Historically, most inhabitants of the British Empire held the status of British subject, which was usually lost upon independence. From 1949, British subjects in the United Kingdom and the remaining colonies became citizens of the United Kingdom and Colonies. However changes in British immigration and nationality law between 1962 and 1983 saw the creation of a separate British Dependent Territories citizenship with effect from January, 1983. Citizens in most territories were stripped of full British citizenship. This was mainly to prevent a mass exodus of the citizens of Hong Kong to the UK before the agreed handover to China in 1997. Exception was made for the Falkland Islands, which had been invaded the previous year by Argentina. Full British citizenship was soon returned to the people of Gibraltar due to their friction with Spain.
However, the British Overseas Territories Act 2002 replaced dependent territory citizenship with British Overseas Territories citizenship, and restored full British citizenship to all BOTCs except those from the Sovereign Base Areas of Cyprus. This restored to BOTCs the right to reside in the UK.
British citizens however, do not have an automatic right to reside in any of the Overseas Territories. Some territories prohibit immigration, and any visitors are required to seek the permission of the territory's government to live in the territory. As they are used primarily as military bases, Ascension Island and the British Indian Ocean Territory do not allow visitors to the territory unless on official business.
Defence of the Overseas Territories is the responsibility of the UK. Many of the overseas territories are used as military bases by the UK and its allies.
Each overseas territory has been granted its own flag and coat of arms by the British monarch. Traditionally, the flags follow the Blue Ensign design, with the Union Flag in the canton, and the territory's coat of arms in the fly.
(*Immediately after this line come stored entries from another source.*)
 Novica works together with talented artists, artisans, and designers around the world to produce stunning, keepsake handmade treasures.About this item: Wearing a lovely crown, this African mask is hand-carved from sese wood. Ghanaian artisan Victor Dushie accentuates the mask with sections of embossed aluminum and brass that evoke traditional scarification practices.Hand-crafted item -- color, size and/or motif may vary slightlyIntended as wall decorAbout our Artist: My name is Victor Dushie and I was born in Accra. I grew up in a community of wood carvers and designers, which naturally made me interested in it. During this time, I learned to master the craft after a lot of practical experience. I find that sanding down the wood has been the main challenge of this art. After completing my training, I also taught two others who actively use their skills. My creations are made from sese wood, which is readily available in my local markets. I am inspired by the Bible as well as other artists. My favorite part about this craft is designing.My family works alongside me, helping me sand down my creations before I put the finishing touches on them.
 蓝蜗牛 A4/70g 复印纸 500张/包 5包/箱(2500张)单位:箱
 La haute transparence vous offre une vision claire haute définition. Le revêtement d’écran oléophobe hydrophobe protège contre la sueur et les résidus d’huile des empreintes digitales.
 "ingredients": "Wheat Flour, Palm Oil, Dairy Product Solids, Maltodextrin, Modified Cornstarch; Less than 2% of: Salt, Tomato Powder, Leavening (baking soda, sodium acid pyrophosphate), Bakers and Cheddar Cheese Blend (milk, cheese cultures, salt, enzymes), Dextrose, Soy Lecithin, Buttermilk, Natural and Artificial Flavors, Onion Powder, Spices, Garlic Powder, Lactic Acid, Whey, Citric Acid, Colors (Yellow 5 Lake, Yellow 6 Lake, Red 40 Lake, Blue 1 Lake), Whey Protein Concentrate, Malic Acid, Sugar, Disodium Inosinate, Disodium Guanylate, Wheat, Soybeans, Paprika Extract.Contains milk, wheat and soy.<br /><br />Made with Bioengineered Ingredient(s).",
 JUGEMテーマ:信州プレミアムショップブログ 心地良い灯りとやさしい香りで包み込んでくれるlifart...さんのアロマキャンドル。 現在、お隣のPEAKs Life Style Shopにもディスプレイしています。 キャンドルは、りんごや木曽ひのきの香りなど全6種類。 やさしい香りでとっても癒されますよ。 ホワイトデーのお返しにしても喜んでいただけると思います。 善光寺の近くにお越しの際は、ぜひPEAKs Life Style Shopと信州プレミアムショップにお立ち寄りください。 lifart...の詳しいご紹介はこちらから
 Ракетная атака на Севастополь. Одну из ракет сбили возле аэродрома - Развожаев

Exceptions to this are Bermuda which uses a Red Ensign; British Antarctic Territory which uses a White Ensign; British Indian Ocean Territory which uses a Blue Ensign with wavy lines to symbolise the sea; and Gibraltar which uses a banner of its coat of arms (the flag of the city of Gibraltar).
The Sovereign Base Areas of Akrotiri and Dhekelia are the only British overseas territories without an official flag of their own. The Union Flag is used in this territory and is also used for Ascension Island.